Single nucleotide variant calling in NGS with deep learning
deepSNV is a deep learning framework for calling SNVs in NGS data. Technical details can be found in the
deepSNV.pdf in this repository. It can be run as either a model building and validation tool or used only to make predictions using the included pre-trained convoluted neural network or one of your choosing.
An example of building and training a CNN and making SNV predictions is as follows:
$ python3 deepsnv.py --sample_num 10 \ --vcf_path my_vcf.vcf.gz \ --genome_path my_refererence_genome.fa \ --bam_path my_indexed_sorted_bam.bam \ --len_path chromosome_sizes.txt \ --epochs 50
The options are as follows:
--vfc_path: path to vcf file containing known SNVs
--sample_num: number of SNVs for training, randomly selected from vcf
--genome_path: path to indexed reference genome file. This can be created for hg38, for example, via:
$ wget --timestamping 'ftp://hgdownload.cse.ucsc.edu/goldenPath/hg38/bigZips/hg38.fa.gz' -O hg38.fa.gz $ gunzip hg38.fa.gz $ bwa index hg38.fa
--bam_path: path to indexed, sorted bam file
--len_path: path to chromosome size tsv file (see hg19.sizes for example)
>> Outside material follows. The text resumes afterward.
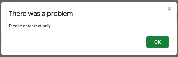 Veri doğrulamasını kullanmanın bir yolu, Google sayfalarında özel bir formüldür. Yukarıdaki önceden ayarlanmış kuralların hiçbiri geçerli olmadığında bu iyi bir seçenektir. Hücrenin metin içerdiğinden veya hücredeki karakter sayısını sınırladığından emin olun.
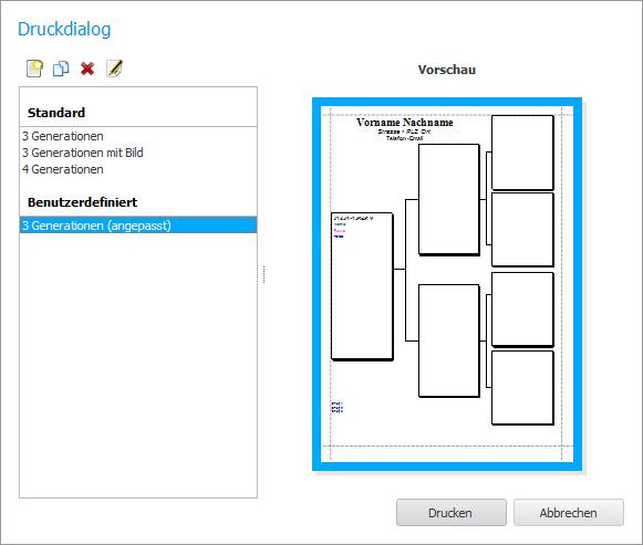 Es ist möglich im Druckdialog eigene Vorlagen für Ausdrucke zu erstellen.

--epochs: number of epochs to train model
Output from the above command is a trained convoluted neural netowork and confusion matrix for held out testing data. Alternatively, predictions can be made using a pre-trained model as follows:
$ python3 predictCNN.py --genome_path bams/wg.fa \ --bam_path my_indexed_sorted_bam.bam \ --preds_path predict.csv \ --model_path deepSNV.h5
Options are as follows:
--bam_path: path to indexed, sorted bam file to analyze
--preds_path: path to a csv containing chromosome and coordinate information for positions to evalate for SNV. (see predict.csv for example)
--model_path: path to pre-trained keras CNN model
Output from the above command is a csv of input SNV candidate coordinates and a label of 1 (SNV) or 0 (non-SNV).
$ git clone https://github.com/JTDean123/deepSNV.git
python3, pandas, numpy, sklean, keras (tensorflow backend), pysam
This is a skeleton, bare bones first attempt at this idea. I am sure there is lots of room for improvement, and I'd love to hear from you.